WHAT YOU NEED TO DO: When you have read the listing, copy all of it without any change.

════════════════════

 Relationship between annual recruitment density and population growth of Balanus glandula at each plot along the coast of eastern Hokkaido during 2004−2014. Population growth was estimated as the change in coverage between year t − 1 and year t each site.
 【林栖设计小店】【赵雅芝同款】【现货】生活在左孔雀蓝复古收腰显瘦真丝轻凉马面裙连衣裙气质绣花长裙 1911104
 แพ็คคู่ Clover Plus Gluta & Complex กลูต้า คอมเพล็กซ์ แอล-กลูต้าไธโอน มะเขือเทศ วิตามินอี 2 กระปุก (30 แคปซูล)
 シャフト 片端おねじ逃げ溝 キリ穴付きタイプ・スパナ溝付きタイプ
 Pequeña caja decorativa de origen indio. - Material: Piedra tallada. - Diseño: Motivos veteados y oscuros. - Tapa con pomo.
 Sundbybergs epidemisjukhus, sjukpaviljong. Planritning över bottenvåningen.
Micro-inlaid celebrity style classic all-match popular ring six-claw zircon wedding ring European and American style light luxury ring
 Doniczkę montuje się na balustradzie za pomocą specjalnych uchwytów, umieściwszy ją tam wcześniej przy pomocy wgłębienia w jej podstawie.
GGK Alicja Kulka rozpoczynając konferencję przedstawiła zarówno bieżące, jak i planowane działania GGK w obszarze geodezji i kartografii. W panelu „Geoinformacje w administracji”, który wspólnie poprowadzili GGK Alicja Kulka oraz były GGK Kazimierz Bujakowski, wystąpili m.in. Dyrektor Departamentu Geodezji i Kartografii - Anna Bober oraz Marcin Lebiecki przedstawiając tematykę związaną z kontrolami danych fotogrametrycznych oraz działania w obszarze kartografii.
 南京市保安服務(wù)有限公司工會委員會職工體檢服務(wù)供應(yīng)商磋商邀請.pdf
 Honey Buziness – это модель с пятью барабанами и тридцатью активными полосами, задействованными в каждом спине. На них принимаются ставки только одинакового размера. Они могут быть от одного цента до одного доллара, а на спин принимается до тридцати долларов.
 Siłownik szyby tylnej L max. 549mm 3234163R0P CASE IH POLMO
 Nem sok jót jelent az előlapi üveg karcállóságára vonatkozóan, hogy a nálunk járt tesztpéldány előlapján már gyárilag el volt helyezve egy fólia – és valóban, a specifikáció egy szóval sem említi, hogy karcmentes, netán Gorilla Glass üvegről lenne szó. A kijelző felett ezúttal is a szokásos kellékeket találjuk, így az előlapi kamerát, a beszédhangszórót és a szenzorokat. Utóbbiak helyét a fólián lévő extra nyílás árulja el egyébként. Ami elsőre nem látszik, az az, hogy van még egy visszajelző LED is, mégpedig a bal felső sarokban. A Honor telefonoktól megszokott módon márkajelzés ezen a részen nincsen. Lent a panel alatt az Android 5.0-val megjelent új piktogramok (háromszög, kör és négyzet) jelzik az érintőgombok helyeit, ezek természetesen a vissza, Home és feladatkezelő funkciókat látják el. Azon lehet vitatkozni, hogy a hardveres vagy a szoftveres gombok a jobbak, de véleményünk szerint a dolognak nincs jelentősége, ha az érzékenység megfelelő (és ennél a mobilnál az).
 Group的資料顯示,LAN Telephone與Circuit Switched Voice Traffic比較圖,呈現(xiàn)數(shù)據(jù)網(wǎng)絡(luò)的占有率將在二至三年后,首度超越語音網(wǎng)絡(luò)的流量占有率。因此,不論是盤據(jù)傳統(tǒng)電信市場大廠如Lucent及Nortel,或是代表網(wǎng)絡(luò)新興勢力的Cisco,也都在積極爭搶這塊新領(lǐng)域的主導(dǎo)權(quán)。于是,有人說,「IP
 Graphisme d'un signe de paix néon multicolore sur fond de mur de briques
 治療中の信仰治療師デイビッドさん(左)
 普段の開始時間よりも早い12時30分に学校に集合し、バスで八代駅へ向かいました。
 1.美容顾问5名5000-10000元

════════════════════

WRITTEN REPLY:
 Relationship between annual recruitment density and population growth of Balanus glandula at each plot along the coast of eastern Hokkaido during 2004−2014. Population growth was estimated as the change in coverage between year t − 1 and year t each site.
 【林栖设计小店】【赵雅芝同款】【现货】生活在左孔雀蓝复古收腰显瘦真丝轻凉马面裙连衣裙气质绣花长裙 1911104
 แพ็คคู่ Clover Plus Gluta & Complex กลูต้า คอมเพล็กซ์ แอล-กลูต้าไธโอน มะเขือเทศ วิตามินอี 2 กระปุก (30 แคปซูล)
 シャフト 片端おねじ逃げ溝 キリ穴付きタイプ・スパナ溝付きタイプ
 Pequeña caja decorativa de origen indio. - Material: Piedra tallada. - Diseño: Motivos veteados y oscuros. - Tapa con pomo.
 Sundbybergs epidemisjukhus, sjukpaviljong. Planritning över bottenvåningen.
Micro-inlaid celebrity style classic all-match popular ring six-claw zircon wedding ring European and American style light luxury ring
 Doniczkę montuje się na balustradzie za pomocą specjalnych uchwytów, umieściwszy ją tam wcześniej przy pomocy wgłębienia w jej podstawie.
GGK Alicja Kulka rozpoczynając konferencję przedstawiła zarówno bieżące, jak i planowane działania GGK w obszarze geodezji i kartografii. W panelu „Geoinformacje w administracji”, który wspólnie poprowadzili GGK Alicja Kulka oraz były GGK Kazimierz Bujakowski, wystąpili m.in. Dyrektor Departamentu Geodezji i Kartografii - Anna Bober oraz Marcin Lebiecki przedstawiając tematykę związaną z kontrolami danych fotogrametrycznych oraz działania w obszarze kartografii.
 南京市保安服務(wù)有限公司工會委員會職工體檢服務(wù)供應(yīng)商磋商邀請.pdf
 Honey Buziness – это модель с пятью барабанами и тридцатью активными полосами, задействованными в каждом спине. На них принимаются ставки только одинакового размера. Они могут быть от одного цента до одного доллара, а на спин принимается до тридцати долларов.
 Siłownik szyby tylnej L max. 549mm 3234163R0P CASE IH POLMO
 Nem sok jót jelent az előlapi üveg karcállóságára vonatkozóan, hogy a nálunk járt tesztpéldány előlapján már gyárilag el volt helyezve egy fólia – és valóban, a specifikáció egy szóval sem említi, hogy karcmentes, netán Gorilla Glass üvegről lenne szó. A kijelző felett ezúttal is a szokásos kellékeket találjuk, így az előlapi kamerát, a beszédhangszórót és a szenzorokat. Utóbbiak helyét a fólián lévő extra nyílás árulja el egyébként. Ami elsőre nem látszik, az az, hogy van még egy visszajelző LED is, mégpedig a bal felső sarokban. A Honor telefonoktól megszokott módon márkajelzés ezen a részen nincsen. Lent a panel alatt az Android 5.0-val megjelent új piktogramok (háromszög, kör és négyzet) jelzik az érintőgombok helyeit, ezek természetesen a vissza, Home és feladatkezelő funkciókat látják el. Azon lehet vitatkozni, hogy a hardveres vagy a szoftveres gombok a jobbak, de véleményünk szerint a dolognak nincs jelentősége, ha az érzékenység megfelelő (és ennél a mobilnál az).
 Group的資料顯示,LAN Telephone與Circuit Switched Voice Traffic比較圖,呈現(xiàn)數(shù)據(jù)網(wǎng)絡(luò)的占有率將在二至三年后,首度超越語音網(wǎng)絡(luò)的流量占有率。因此,不論是盤據(jù)傳統(tǒng)電信市場大廠如Lucent及Nortel,或是代表網(wǎng)絡(luò)新興勢力的Cisco,也都在積極爭搶這塊新領(lǐng)域的主導(dǎo)權(quán)。于是,有人說,「IP
 Graphisme d'un signe de paix néon multicolore sur fond de mur de briques
 治療中の信仰治療師デイビッドさん(左)
 普段の開始時間よりも早い12時30分に学校に集合し、バスで八代駅へ向かいました。
 1.美容顾问5名5000-10000元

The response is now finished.